Но уже где-то глубоко другая мысль отрицала эту логику, при чем тут типаж, ну признайся, что они тем вдруг понравились, что симпатичны тебе чем-то внутренним, глубинным, и ты хочешь, чтобы это осталось с тобой, просто тебя уже жизнь научила, что ничего не остается в памяти навсегда, что выветривается даже самое близкое, самое дорогое, тускнеет, утрачивает цвета, если нет постоянного напоминания об этом, возможности взглянуть, наполнения памяти прошлым...
Поэтому ты и взял аппарат, потому и фотографируешь чаще, чем когда-то, ведь это сохраняет для тебя отошедшее, приближает к пережитому, что роднит тебя с ним, объединяет навсегда, образует интимную связь даже с теми, с кем ты не был так уж и близок.

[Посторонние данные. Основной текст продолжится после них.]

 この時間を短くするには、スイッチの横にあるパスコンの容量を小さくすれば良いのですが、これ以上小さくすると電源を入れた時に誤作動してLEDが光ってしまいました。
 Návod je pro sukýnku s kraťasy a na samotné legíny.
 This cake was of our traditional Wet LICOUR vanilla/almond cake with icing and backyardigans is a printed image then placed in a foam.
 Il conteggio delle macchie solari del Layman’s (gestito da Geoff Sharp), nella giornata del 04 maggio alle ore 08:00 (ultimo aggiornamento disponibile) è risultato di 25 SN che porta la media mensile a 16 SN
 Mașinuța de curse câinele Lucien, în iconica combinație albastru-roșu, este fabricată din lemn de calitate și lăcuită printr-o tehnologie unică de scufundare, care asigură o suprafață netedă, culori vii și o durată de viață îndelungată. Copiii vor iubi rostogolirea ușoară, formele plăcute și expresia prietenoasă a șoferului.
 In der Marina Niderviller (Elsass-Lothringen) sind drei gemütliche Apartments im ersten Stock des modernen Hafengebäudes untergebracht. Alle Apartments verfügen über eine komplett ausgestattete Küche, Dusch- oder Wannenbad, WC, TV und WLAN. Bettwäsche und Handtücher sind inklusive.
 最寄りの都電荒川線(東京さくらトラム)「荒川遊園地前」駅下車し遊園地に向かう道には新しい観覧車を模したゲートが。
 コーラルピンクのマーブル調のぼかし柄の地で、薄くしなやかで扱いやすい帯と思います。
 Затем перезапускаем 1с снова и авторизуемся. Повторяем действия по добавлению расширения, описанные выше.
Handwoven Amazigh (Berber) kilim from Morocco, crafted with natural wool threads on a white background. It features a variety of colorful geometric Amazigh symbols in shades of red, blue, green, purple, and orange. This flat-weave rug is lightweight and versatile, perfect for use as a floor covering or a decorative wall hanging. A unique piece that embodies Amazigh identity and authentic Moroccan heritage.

Ты просто вбираешь в себя кого-то, часто даже об этом не подозревая, поэтому и фотографируешь иногда лица, понравившиеся тебе вдруг даже при мгновенных встречах, ведь что-то, взятое в ином взгляде, в выражении иного лица, может наполнить тебя особым настроением, поднять дух, погнать за мольберт среди отдыха или совсем иного душевного настроя... Вот и сейчас ты уже хочешь иметь их для себя, хочешь иметь возможность когда-нибудь, придя домой и замкнувшись у себя в мастерской, смотреть на эти лица, размышлять над ними, переживать снова эти минуты беспричинного прекрасного настроения и оставить их с собой навсегда; ты хочешь остановить время, оставить навсегда с собой фрагменты жизни, которые не остаются вечно, которые меняются каждое мгновение, как меняется все вокруг, а ты так давно уже не хочешь изменяться, не хочешь, чтобы менялось все вокруг, чтобы все изменялись, ведь поток такой быстротечный и безостановочный, что не успеваешь опомниться, не успеваешь пережить, ощутить, побыть с кем-то столько, сколько тебе нужно, чтобы не исчезло все это бесследно в твоей памяти, а оно все летит, летит, как электричка сквозь ночь, прорезая тьму жизни с грохотом, в слепящем свете, минуя все, внезапно исчезая вдали, и вот уже осталось позади совсем иное... нельзя дважды войти в реку жизни....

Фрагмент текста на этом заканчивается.